IBM Corp. this week said it’s ready to ship the next version of its DB2 Universal Database software, which offers self-management capabilities that are designed to reduce administrative overhead even as databases continue to grow bigger.
Code-named Stinger, the DB2 8.2 upgrade has been in beta testing since May and will become generally available this week. As part of IBM’s autonomic computing push, the database will come with new self-monitoring and self-tuning features, said Jeff Jones, the company’s strategy director for information management. The utilities should help database administrators complete complex tasks up to seven times faster than they can now, according to IBM.
Automation Features
The new functionality includes a tool called Design Advisor that can automatically design and optimize the structure of a database, plus a related utility that automates administrative tasks such as table maintenance and data backup. To help ensure uptime, another tool lets end-user PCs automatically fail over to a backup database if the primary DB2 server goes down. IBM also embedded its Learning Optimizer tool, which lets the database monitor and record query response times and find the fastest route to data.

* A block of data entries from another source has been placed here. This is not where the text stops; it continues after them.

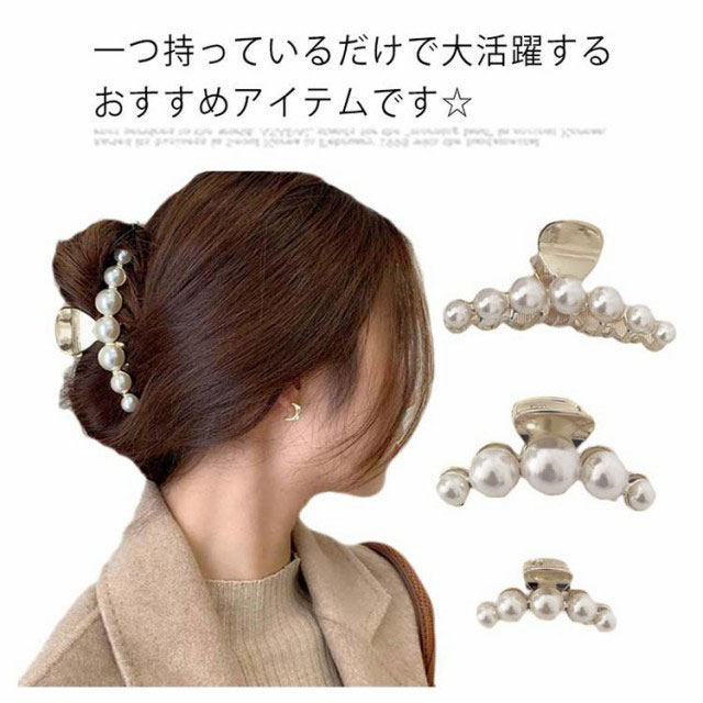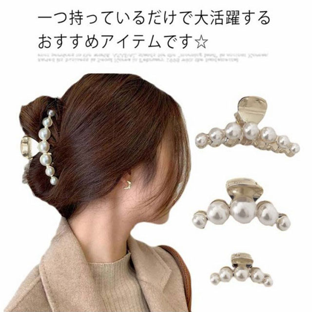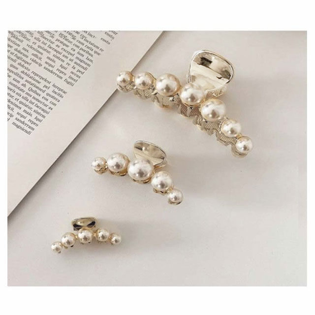 ヘアクリップ パール ミニ バンス クリップ【3サイズ選べる】合金 ゴールド アンティーク 大 ヘアアクセ ヘアアクセサリー まとめ髪 髪留め 韓国 小さめ 大きめ 上品 高級感 奢華 きれいめ おしゃれ お呼ばれ
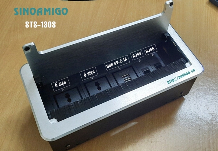 - Ổ cắm điện âm bàn Sinoamigo STS-130S có thiết kế dạng nắp lật, sử dụng bằng cách lật nắp về phía trước và nối các Jack cắm phù hợp, sau đó đậy lại tạo cho mặt bàn văn phòng. Giúp bàn làm việc của bạn vừa tiện nghi, trang nhã mà không làm tốn diện tích mặt bàn.
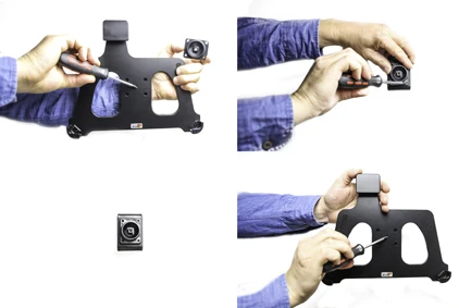 Loosen the screw in the center of the holder so you can remove the tilt swivel attaching plate on the back. Place the attaching plate onto the desired position. Screw the attaching plate into place with the enclosed screws. Place the holder over the attaching plate so the screw fits in the hole in the tilt swivel. Tighten the screw until the holder is firmly in place, but still can be adjusted.
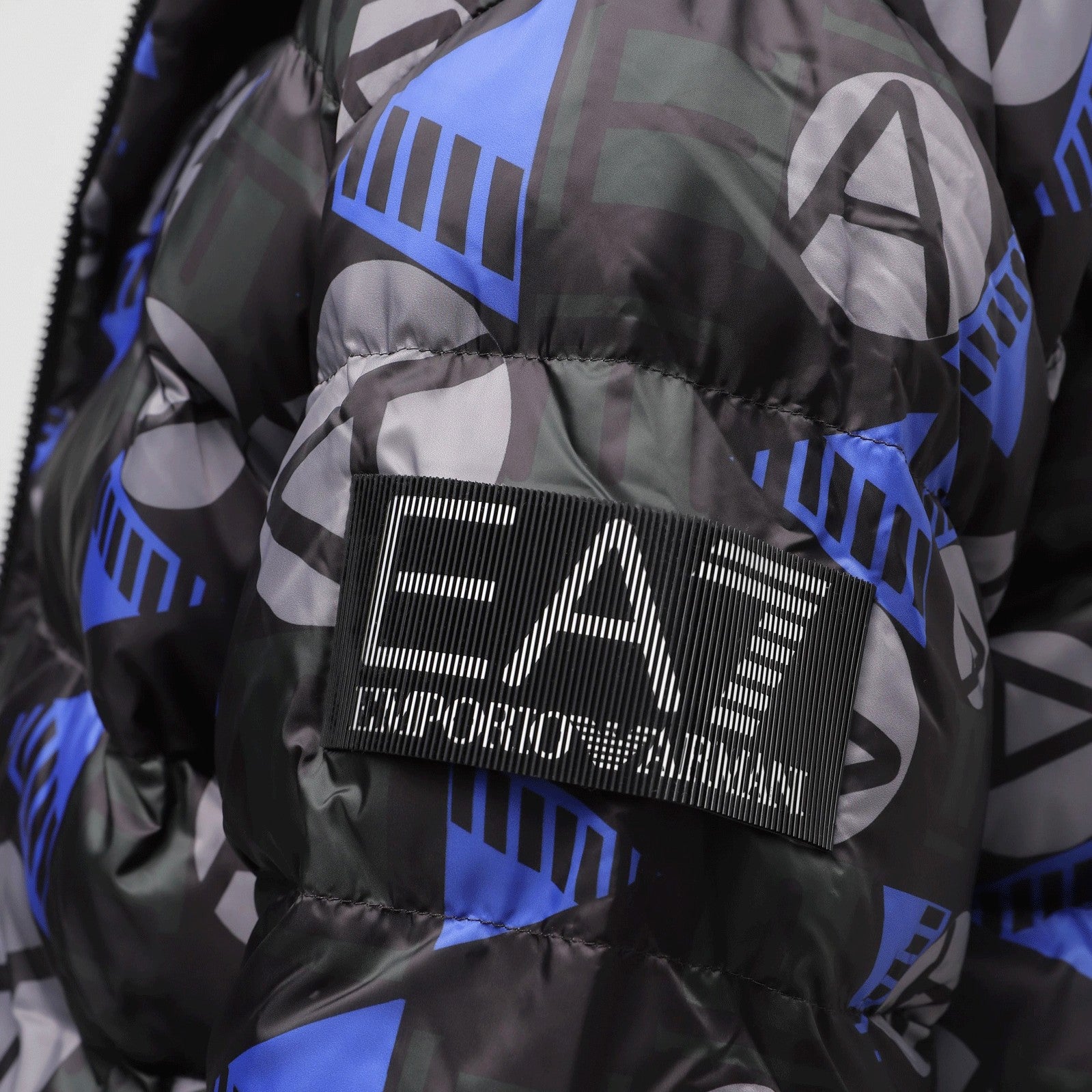 PIUMINO IMBOTTITO EMPORIO ARMANI EA7 – FANTASIA GEOMETRICA NERO E BLU
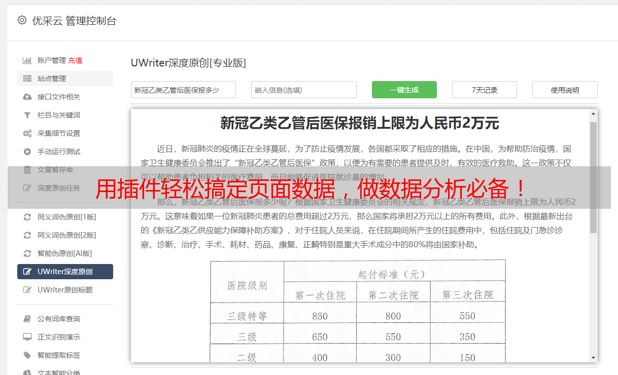 优采云 发布时间: 2023-06-24 12:51最近我使用了一款非常好用的浏览器插件,可以帮助我轻松地抓取各种网页上的数据。这个插件真是太棒了,让我的工作效率大大提升。在这篇文章中,我将分享一下我对这个插件的亲身感受,并详细介绍如何使用它来抓取页面数据。
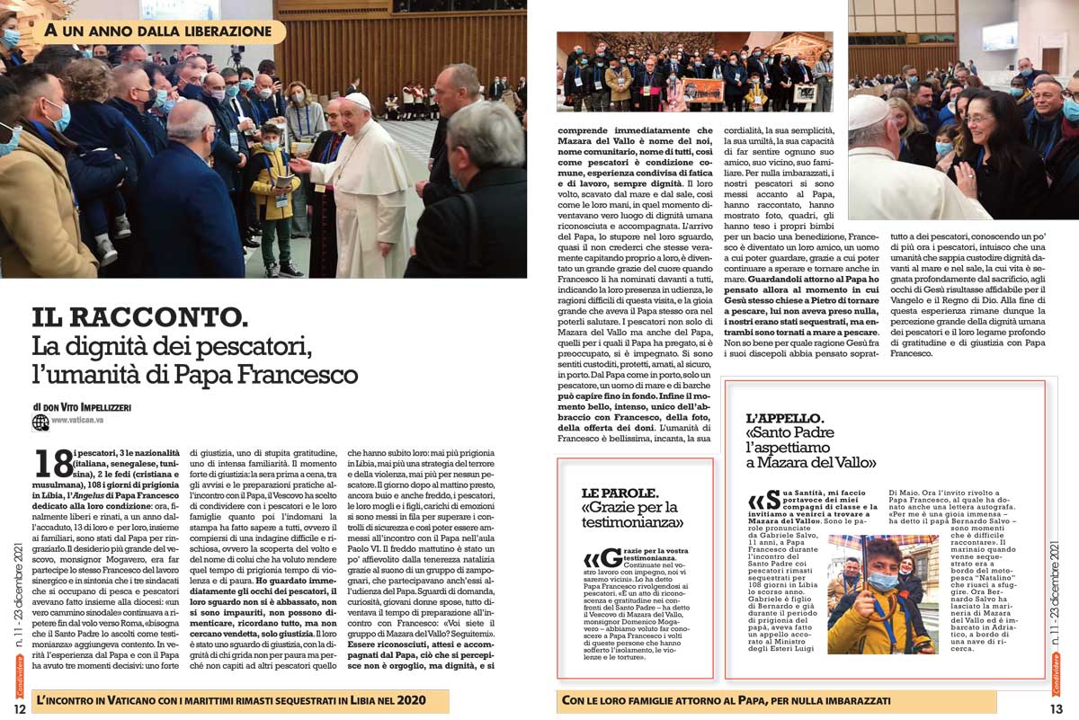 Le Storie·Vita di chiesa [IL RACCONTO] La dignità dei pescatori, l’umanità di Papa Francesco 18 i pescatori, 3 le nazionalità (italiana, senegalese, tunisina), 2 le fedi (cristiana e musulmana), 108 i giorni di prigionia in Libia, Dicembre 28, 2021
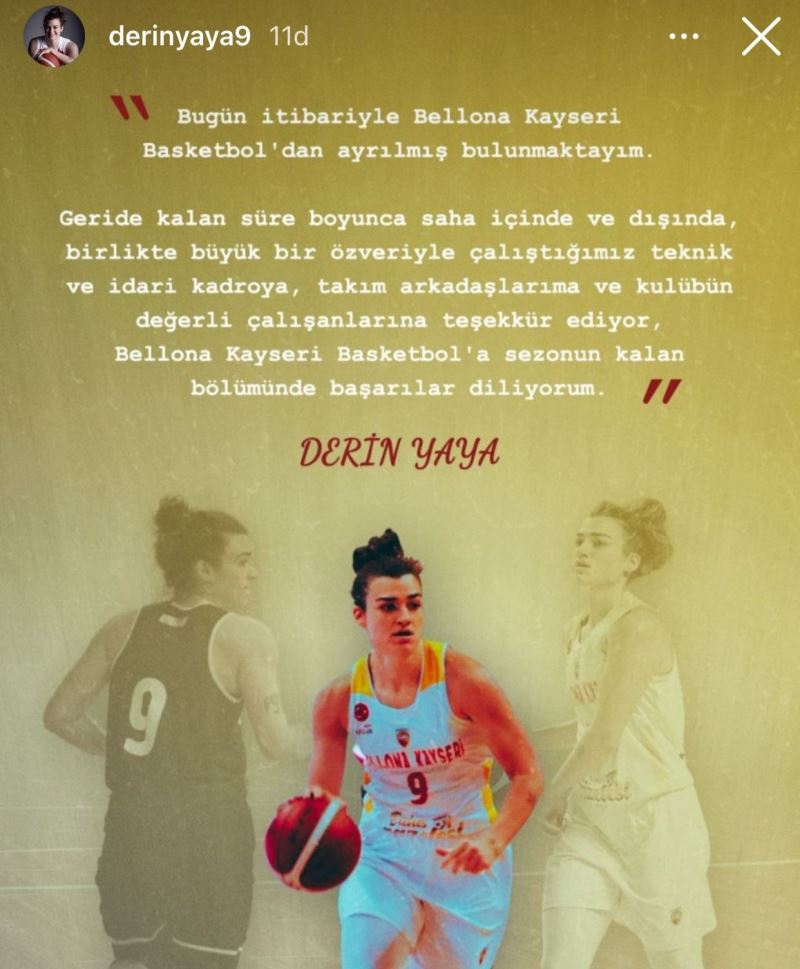 Derin Yaya sosyal medya hesabından yaptığı paylaşımda, “Bugün itibariyle Bellona Kayseri Basketbol’dan ayrılmış bulunmaktayım. Geride kalan süre boyunca saha içinde ve dışında birlikte büyük bir özveriyle çalıştığımız teknik ekip ve idari kadroya, takım arkadaşlarıma ve kulübün değerli çalışanlarına teşekkür ediyor, Bellona Kayseri Basketbola sezonun kalan bölümünde başarılar diliyorum” dedi.
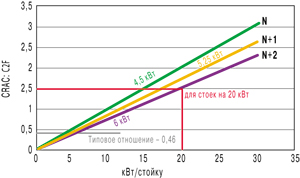 холодопроизводительность CRAC = число ИТ-стоек x 1 кВт/стойку.
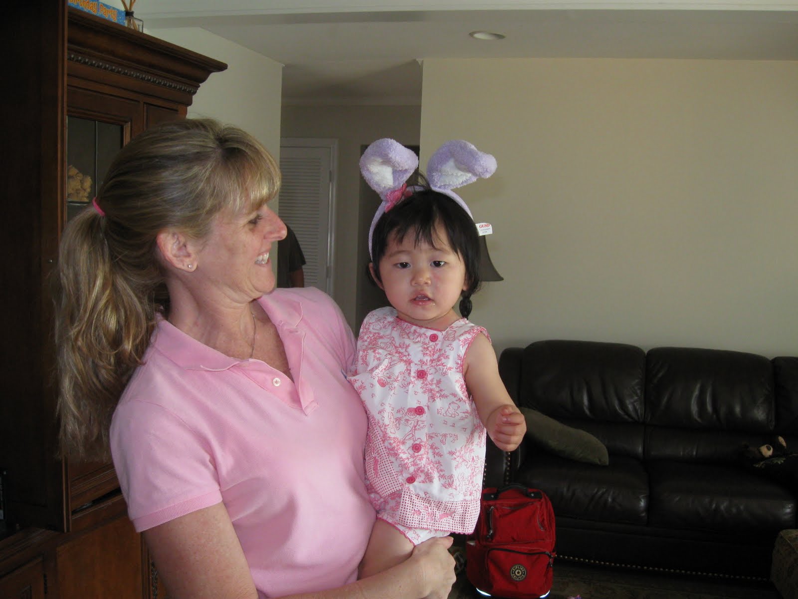 Off to the Easter Egg Hunt with Mom, Tracy and Grace (in the back)

Dallas-based Credit Union of Texas, which oversees about US$1.6 billion in assets, will start testing the new software this month for a potential rollout in December. Bruce Moore, the credit union’s director of business intelligence, said Design Advisor could help speed up database configuration tasks for his team.
The credit union’s data warehouse, which is built on DB2 8.1, captures 60 months’ worth of customer and operational information for analysis.
With so much data but only a small staff to manage it, some things that could help boost database performance can’t be done now, Moore said. He added that he thinks Design Advisor could reduce the time it takes to build month-end indexes by enabling him to use summary tables and techniques such as multidimensional data clustering.
For an incremental release, DB2 8.2 is a relatively significant rollout because of its new autonomic and integration capabilities, according to Charles Garry, an analyst at Meta Group Inc.
“The bottom line is that we are moving away from day-to-day maintenance of the database as a resource and have to trust that the autonomic functions know more and can react more proactively than a human DBA can,” Garry said.